Data supplied
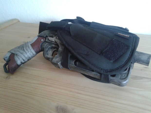 Las correas pueden hacerse de tiras de Velcro® tener la funda adaptable a otros blasters.
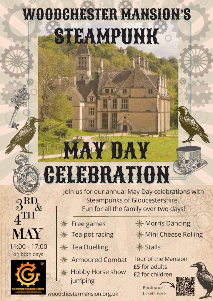 We’re looking for new volunteers – all ages, all skills welcome. This month we’re seeking helpers to man the car park for our Mayday event with the Glos STEAMPUNKS on Sun 3rd & Mon 4th May. For our open days this year we want minibus drivers, reception and ticket desk volunteers, and new tour guides. We also need volunteers for routine maintenance around the Mansion. Please come and join our friendly and enthusiastic group of local people.
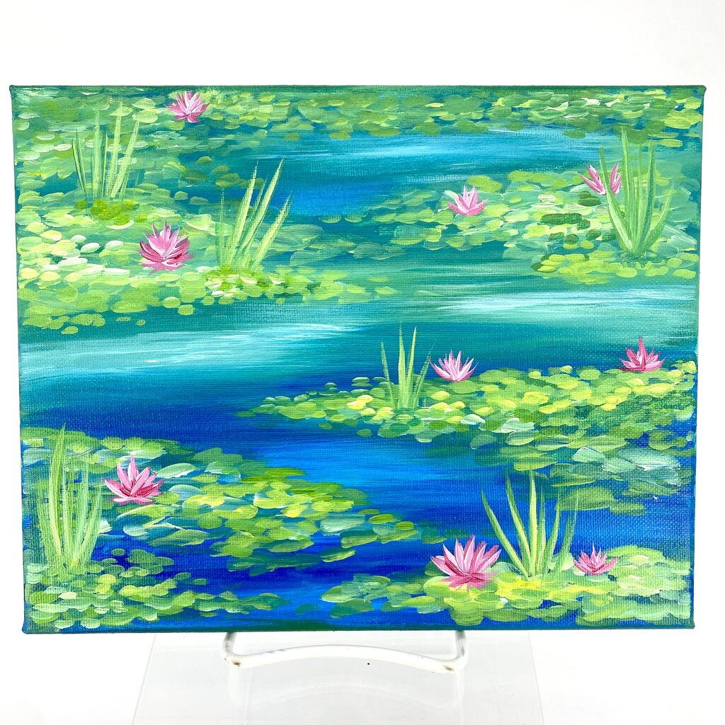 Blues and greens blended with little pink lotus flowers. A little lily pond to bring home with you.
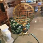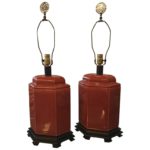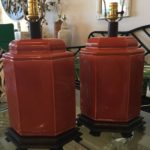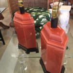 Pair of Table Lamps Vintage Orange Oriental Brass Ceramic Chinoiserie
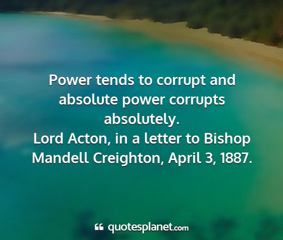 Power tends to corrupt and absolute power corrupts absolutely.Lord Acton, in a letter to Bishop Mandell Creighton, April 3, 1887.
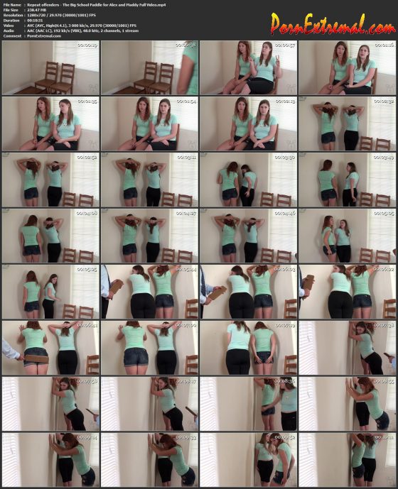 Description: Fresh from their morning Discipline, Alex and Maddie can’t seem to stay out of trouble. Deciding to skip the final 15 minutes of gym class, they are cut and sent back to the office. This time the principal paddles the mercilessly with the biggest paddle hanging on the wall behind his desk. They are instructed to wait with their hands on their head facing the wall. Shenanigans ensue before they are interrupted and subjected to another painful school paddling.
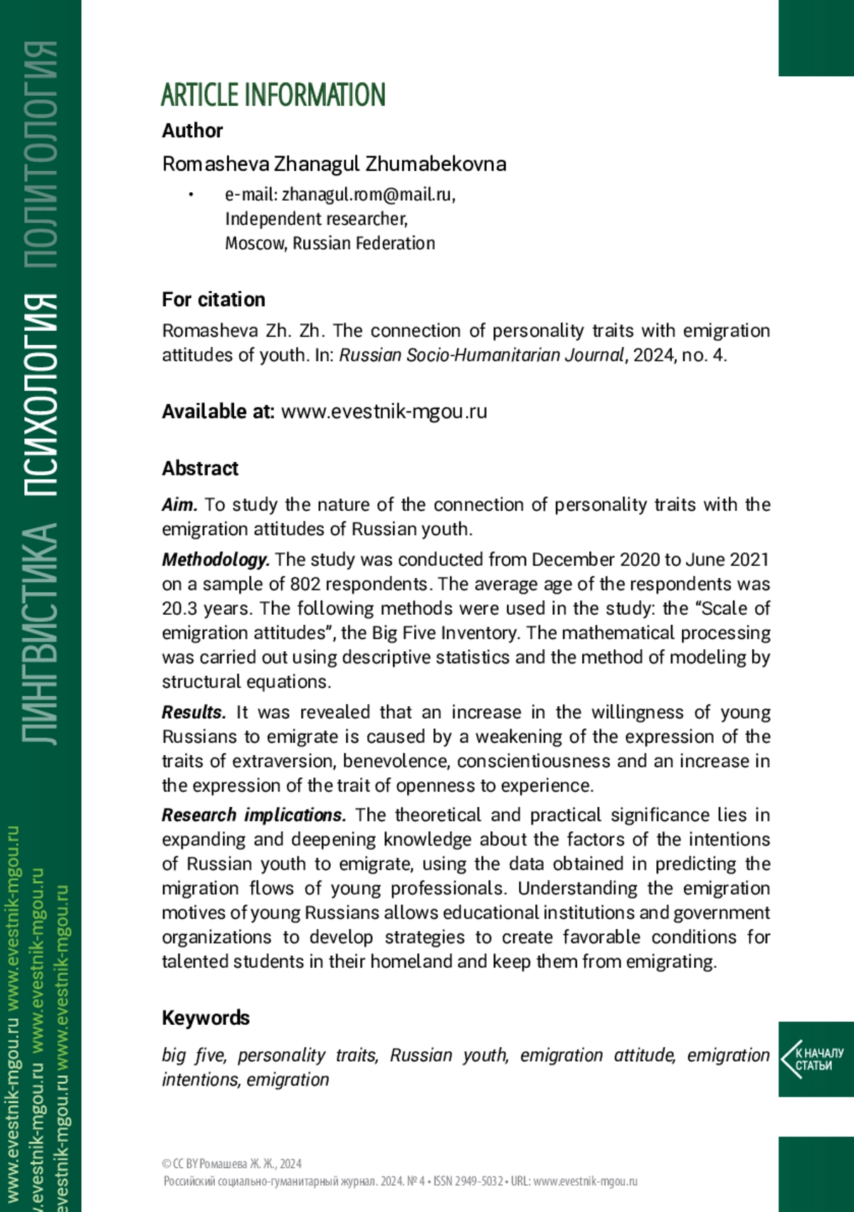 Процедура и методы. Исследование проводилось с декабря 2020 г. по июнь 2021 г. на выборке в количестве 802 респондентов. Средний возраст респондентов составлял 20,3 лет. В исследовании были применены: методика «Шкала эмиграционных установок», вопросник «Большой пятёрки» (Big Five Inventory). Математическая обработка производилась с помощью описательных статистик и метода моделирования структурными уравнениями.

Task requirements
Pictures are to be left out while the lines from the beginning of the records through the line with "Power tends to" are copied word for word.

Answer to the exercise
 Las correas pueden hacerse de tiras de Velcro® tener la funda adaptable a otros blasters.
 We’re looking for new volunteers – all ages, all skills welcome. This month we’re seeking helpers to man the car park for our Mayday event with the Glos STEAMPUNKS on Sun 3rd & Mon 4th May. For our open days this year we want minibus drivers, reception and ticket desk volunteers, and new tour guides. We also need volunteers for routine maintenance around the Mansion. Please come and join our friendly and enthusiastic group of local people.
 Blues and greens blended with little pink lotus flowers. A little lily pond to bring home with you.
 Pair of Table Lamps Vintage Orange Oriental Brass Ceramic Chinoiserie
 Power tends to corrupt and absolute power corrupts absolutely.Lord Acton, in a letter to Bishop Mandell Creighton, April 3, 1887.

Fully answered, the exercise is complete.